DESCRIPTION OF EMBODIMENTS
[0015] The aqueous electroconductive paste for a fuel cell
separator of the present invention will be explained below. The
aqueous electroconductive paste for a fuel cell separator of the
present invention contains an electroconductive material and a
binder, and the binder is a polymer obtained by polymerizing in the
presence of an alcoholic-hydroxyl-group-containing polymer.
[0016] As the electroconductive material, carbon or the like is
used. As the carbon, graphite, carbon black or the like can be
used, and it is preferable to use graphite and carbon black. In the
case when graphite and carbon black are used, the weight ratio of
the graphite to the carbon black is preferably from 60:40 to 90:10
(graphite:carbon black).

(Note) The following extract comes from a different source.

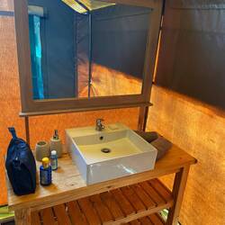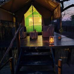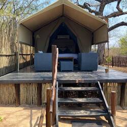 Nu terug in onze volgende lodge een prachtige tent om de nacht door te brengen, zo dadelijk buiten eten, de temperatuur is hier nu om 19.00 uur nog 35 graden, ons hoor je niet klagen.

If the ratio of the graphite is too small,
the viscosity of the electroconductive paste obtained on the
substrate increases, and the fluidity is lost, and thus the
electroconductive paste is not suitable for application.
Furthermore, if the ratio of the graphite is too high, the
smoothness degree of the formed coating film is lowered, and
consequently the value of the contact resistance increases.
[0017] Furthermore, the particle diameter of the graphite is
preferably from 5 to 80 .mu.m, and the DBP (dibutylphthalate) oil
absorption amount of the carbon black is preferably from 50 ml to
400 ml/100 g.
[0018] Furthermore, the content of the electroconductive material
in the aqueous electroconductive paste for a fuel cell separator is
from 50 to 75 parts by weight. In the case when carbon is used in
the electroconductive material, the amount of the carbon in the
aqueous electroconductive paste, i.e., the solid content
concentration of the carbon, is generally from 50 to 75 parts by
weight, preferably from 55 to 73 parts by weight, more preferably
from 60 to 70 parts by weight in 100 parts by weight of the aqueous
electroconductive paste for a fuel cell separator. If the solid
content concentration is lower than this range, the time and energy
for drying the aqueous electroconductive paste for a fuel cell
separator increase, and the cost for obtaining the
electroconductive coating film increases. Furthermore, it becomes
difficult to control the thickness of the obtained
electroconductive coating film.
[0019] Furthermore, if the solid content concentration becomes
higher than this range, the viscosity of the aqueous
electroconductive paste for a fuel cell separator increases, and
the fluidity is lost, and thus the electroconductive paste is not
suitable for application. Furthermore, even if an electroconductive
coating film is formed in this case, cracks are, generated on the
electroconductive coating film.
[0020] As the binder, a polymer such as an acid-modified
polyacrylate can be used. Examples of the acid-modified
polyacrylate include a copolymer of an acrylate and an acid
monomer, and the like. Examples of the acrylate include ethyl
acrylate, butyl acrylate, 2-ethylhexyl acrylate (2EHA), isononyl
acrylate and the like, and examples of the acid monomer include
acrylic acid, methacrylic acid and the like.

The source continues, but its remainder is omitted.